İzmirli kadınlar, kadına yönelik uygulanan her türlü şiddete ‘Hayır’ dedi. İzmir Büyükşehir Belediyesi tarafından düzenlenen “25 Kasım Uluslararası Kadına Yönelik Şiddete Hayır Günü” etkinlikleri Kıbrıs Şehitleri Caddesi’nden başladı. Kadınlar gökyüzüne "özgürlük" balonları uçurdu; dans gösterilerine eşlik etti, yürüyüş gerçekleştirip müzikal izledi. 
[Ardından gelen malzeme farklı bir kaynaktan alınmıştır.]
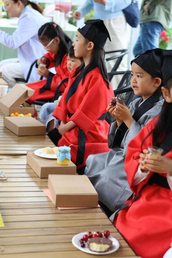 开智礼、拱手礼、叉手礼。。。。。。中国是文明古国、礼仪形式也多种多样,随着传统文化被高度认可,同学们对中国的礼仪形式也充满了无穷的兴趣。此次研学活动以“开智礼”开场,研学老师为同学们讲解了古代颇有仪式感的“开学典礼”,并为每位同学点朱砂,同时献上美好的祝福,以此开启了当天的礼仪课程。
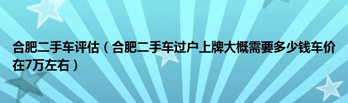 合肥二手車評(píng)估(合肥二手車過戶上牌大概需要多少錢車價(jià)在7萬左右)

Özellikle son dönemde artan kadın cinayetlerine ve ülkemizin kanayan yarası ‘çocuk gelinler’e dikkat çekmek, kadına yönelik şiddetin her türüne “dur” demek isteyen kadınların İzmir’den yükselen seslerini duyurmak için gerçekleştirdiği etkinliğe İzmir Büyükşehir Belediye Başkanı Aziz Kocaoğlu da eşi Dr. Türkegül Kocaoğlu ile birlikte  destek verdi. 

 
Hakkımızı arayacağız

Konuşmasında kadınlara seslenen ve şiddete, haksızlığa karşı direnme ve birlik olma çağrısında Başkan Kocaoğlu, "Ulu Önderimiz Mustafa Kemal Atatürk'ten, bağımsız Türkiye'den, ülkenin bölünmez bütünlüğünden,  kadın ve çocuk haklarından, hukuk devletinden,  adaletten,   paylaşımdan   yani aydınlık Türkiye Cumhuriyeti'nden yana olanlar birleşip,  aramıza provokatörleri sokmadan, bu ülkeye, Atatürk'ün  ilkelerine sahip çıkan insanlarla beraber hakkımızı arayacağız. Yani direneceğiz;  başka çaremiz yok! Cinsel istismara yönelik hazırlan an yasa tasarısına nasıl direndik,  o rezil kanun teklifi bir daha gelmemek üzere nasıl gittiyse, yine yanlışta direneceğiz.  Doğruyu bulacağız.  Direnmeden,  mücadele etmeden başarmak ne dünyada, ne Türkiye'de, ne de İzmir var!  Direneceğiz,  çalışacağız.  Daha çok güçleneceğiz, daha çok kol kola gireceğiz.  Ülkemizi,  ulu önderimizin bize hedef gösterdiği çağdaş medeniyet düzeyinin üzerine çıkaracağız. Bizde bu güç, bu hamur,   bu millet,  devlet, bayrak  sevgisi var.  Yeter ki birlik olalım,  yeter ki haksızlığa, hukuksuzluğa karşı direnelim" dedi.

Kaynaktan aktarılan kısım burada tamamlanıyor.